Une étude publiée le mois dernier avait mis en évidence une corrélation entre l’augmentation du temps de jeu et les ruptures du tendon d’Achille. La NBA a remis en cause à plusieurs reprises ces conclusions.
Dans le cadre de cette étude menée par l’Université de Californie à San Francisco, les 19 ruptures du tendon d’Achille subies par des joueurs de la NBA au cours des onze dernières années ont fait l’objet d’une analyse approfondie. Une analyse de divers facteurs a été réalisée. Parmi ceux-ci figuraient le temps de jeu avant la survenue de la blessure, la fréquence des matchs, l’âge du joueur, son poste et son rôle, ainsi que les blessures subies pendant la jeunesse. Une corrélation, c’est-à-dire un lien statistique, n’a pu être établie qu’en ce qui concerne le temps de jeu.
Cette étude a été motivée par l’augmentation significative de ce type de blessure observée récemment. Alors que, dans toute l’histoire de la NBA, jamais plus de quatre joueurs ne s’étaient déchiré le tendon d’Achille au cours d’une même saison, la saison 2024/25 en a compté pas moins de sept.

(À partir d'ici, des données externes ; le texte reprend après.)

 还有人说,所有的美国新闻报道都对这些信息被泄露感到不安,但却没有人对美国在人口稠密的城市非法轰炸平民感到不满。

Parmi eux figuraient les superstars Tyrese Haliburton, Jayson Tatum et Damian Lillard. Au cours de la saison qui vient de s’achever, ce nombre est d’ailleurs retombé à un seul joueur (Donte DiVincenzo).

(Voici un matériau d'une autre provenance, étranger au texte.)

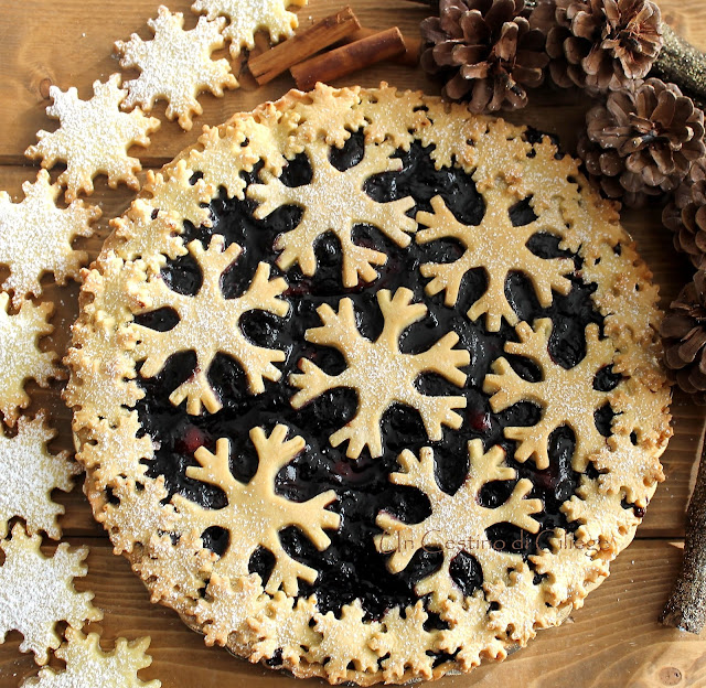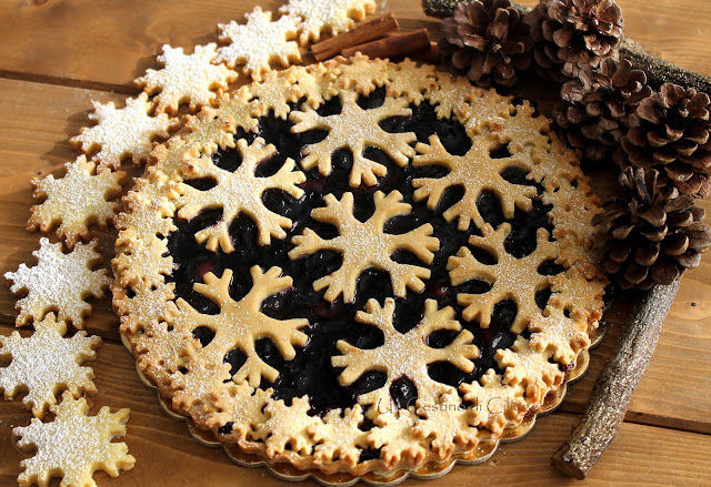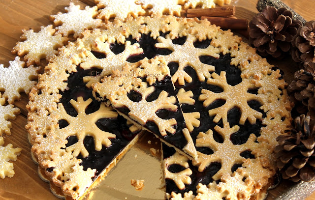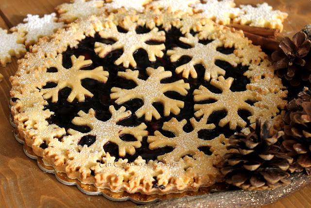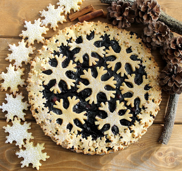 Oggi decorata con tanti fiocchi di neve in pasta frolla che la rendono elegante e in tema natalizio.

La NBA relève des « limites méthodologiques » dans l’étude
Dans la conclusion de l’étude, les auteurs ont expliqué que chez les joueurs concernés, « des pics de sollicitation importants avaient été constatés au cours des dix à quinze matchs précédant une rupture du tendon d’Achille ».

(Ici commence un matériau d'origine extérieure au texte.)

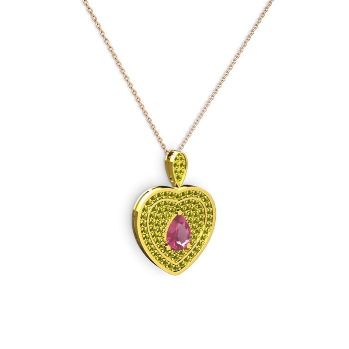 Pembe kuvars ve peridot 925 ayar altın kaplama gümüş kolye (40 cm gümüş rolo zincir)

La NBA met en doute cette interprétation. Le Dr John DiFiori, directeur du département de médecine sportive de la ligue, a déclaré : « Bien que nous saluions toute nouvelle recherche, nous estimons que la récente publication sur ce sujet présente d’importantes limites méthodologiques. »
Bien qu’il n’ait pas précisé ce qu’il entendait par là, il a ajouté que les données de la ligue reflétaient d’autres résultats. On n’aurait pu constater « aucun lien entre les ruptures du tendon d’Achille et la durée de jeu avant la survenue de la blessure ».